For years I have shown
Only half of my skin –
The half I assumed
Others wanted to see –
And locked up the rest behind
Layers of doubt
Until it was hidden even
From me.

Sunday, April 28, 2013

Day 28: Sunday Whites


Ten jerseys, laundered last fall,
tugged from the bottoms of drawers
for the first softball practice
of spring.

Two pristine (and short)
skirts of athletic young blondes playing
tennis.

A giant albino
spider on the black tee shirt
of a lanky red-haired teen.

Not one of the dogwood trees
or rhododendrons
in the neighborhood – pink
seems to be more in fashion
these days.

Bills. I always think bills should
Be some other color –
perhaps violet.

A tuxedo shirt, size
16 ½, 34, 35,
still hanging (long dry) in the doorway.

The tops of the pillowy clouds
reflecting the sun.

The shiny magnetic board
above my desk,
inviting poetry
through the rearrangement of
someone else’s words.

My toddler’s budding molars
just beginning to peek through
tender pink gums – visible (unfortunately)
only when he screams.

Trader Joe’s mascarpone,
brought to my desk by my husband
(with mini stroopwafels!)
as food for thought.

The glowing mane of
a daisy with fifty-three
petals – better start with
He loves me.

Saturday, April 27, 2013

Day 27: Spring (a sestina)


And so we come at last to Spring
When trees fairly burst into blossom –
When color returns to the world, to play
With shape, and form, and scent and light
With a call to our senses – Awake, awake!
Take joy in the budding young season!

No doubt this is a welcome season,
When nascent life to sun does spring
And all the world seems wide awake
At last!
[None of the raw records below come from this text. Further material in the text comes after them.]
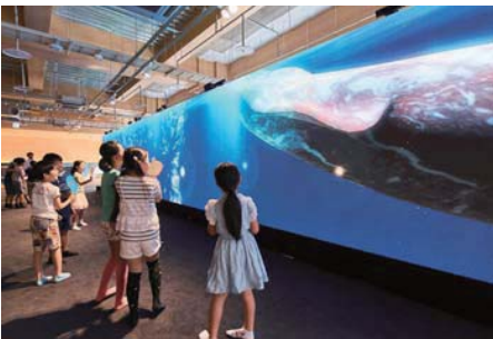
はこだてみらい館
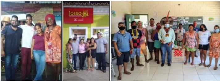
IMAGEM 14: VISITA TÉCNICA VILA CRIATIVA / ASSOCIAÇÃO DOS BARRAQUEIROS E ASSOCIAÇÃO MINHA CASA MINHA VIDA / ALDEIA VELHA ARRAIAL D'AJUDA - BA.
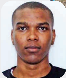
Lo quieren atrapar.
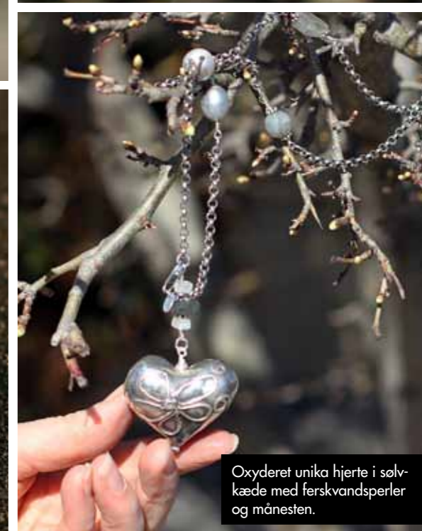
Oxyderet unika hjerte i sølvkæde med ferskvandspærler og månesten.
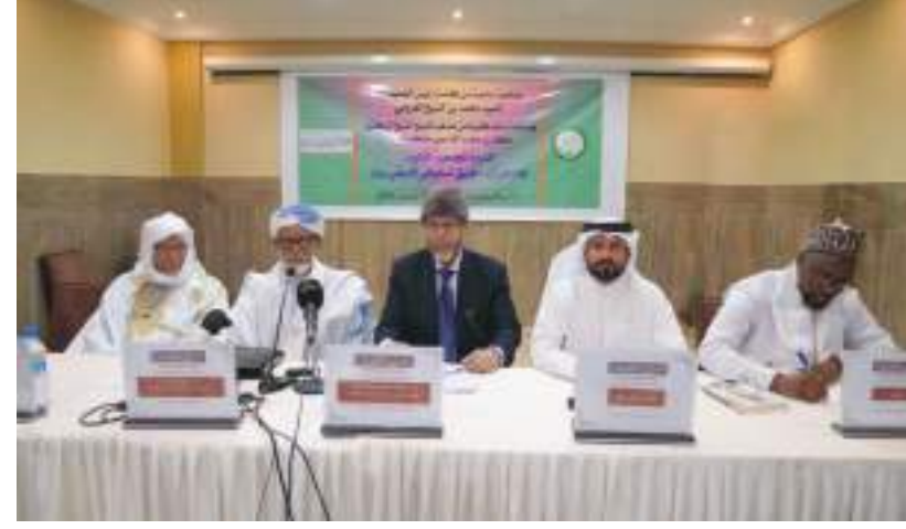
خلال فعاليات الندوة
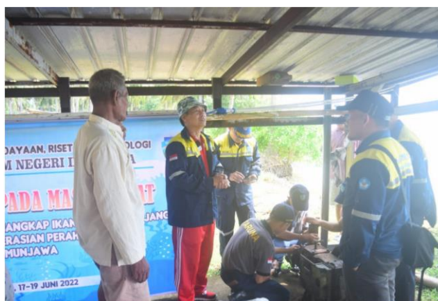
Gambar 3. Penjelasan Materi
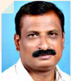
मच्छिंद्र ऐनापुरे जत, जि. सांगली
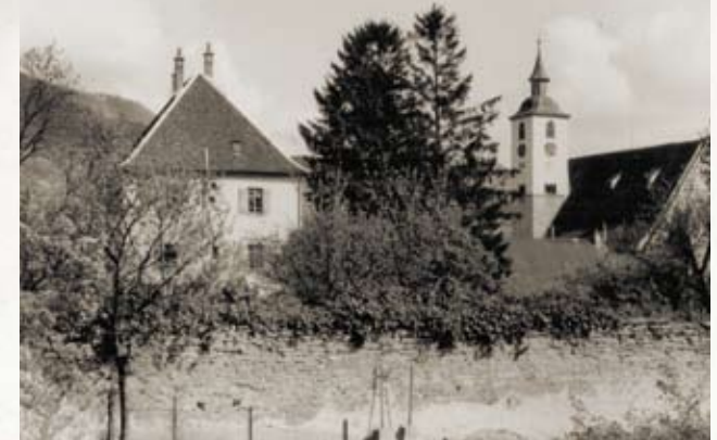
Schlößlepfarrhaus und Marienkirche, 1936

umgebaut und war als „Schlöble“ im Besitz verschiedener Adelsfamilien. 1786 wurde es Wohnsitz des Owener Stadtpfarrers und beheimatete u.a. Persönlichkeiten wie Eduard Mörike, der in Owen Vikar war, und Dr. Wilhelm Zimmermann, Historiker und Abgeordneter der Paulskirche. 1966 endete die Nutzung als Pfarrhaus. Seit 1990 ist hier die Musikschule untergebracht.
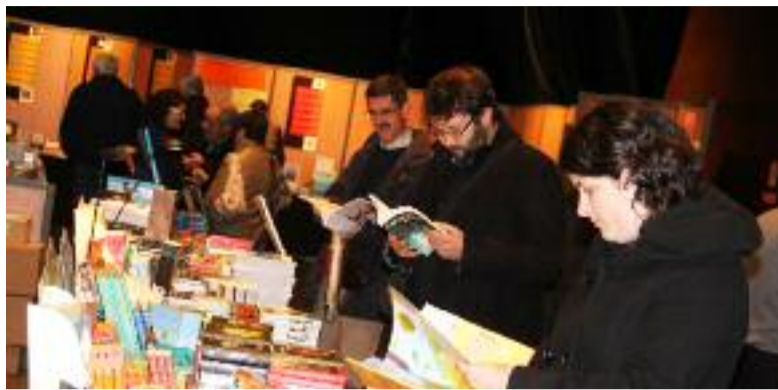
Chaque année, le Festival du Livre en Bretagne attire près de 10 000 visiteurs.

Pour préparer cette édition, les organisateurs se sont

And hope begins to blossom.
Each day brings to the earth more light,
Kids beg to stay out late to play.

Each creature, each plant, is a part of The Play
Of Life – it takes place every season
Across the world, as sure as the light
Returns to the land in the Spring.
Touch each tree, praise every blossom –
Only then are you truly awake.

Awake to the full force of springtime, awake!
You, too, can act in this Play.
You, too, can allow your whole being to blossom,
No matter the time or the season.
Hop to it, come dance, put some step in your Spring!
And of your cares and woes make light.

For there will always be shadow to counter the light –
At times in the dark we all lie awake.
Spring won’t cure that, but here is the thing about Spring –
It’s a time for wild abandon, for play!
So go with the flow and trust in the season –
If you let it, it will help you to blossom.

So take the promise of each blossom
And hold it to the light.
Make it yours, keep it close in every season –
Keep that faith, both asleep and awake.
Then, though each season enacts its own Play,
You’ll carry within you perennial Spring.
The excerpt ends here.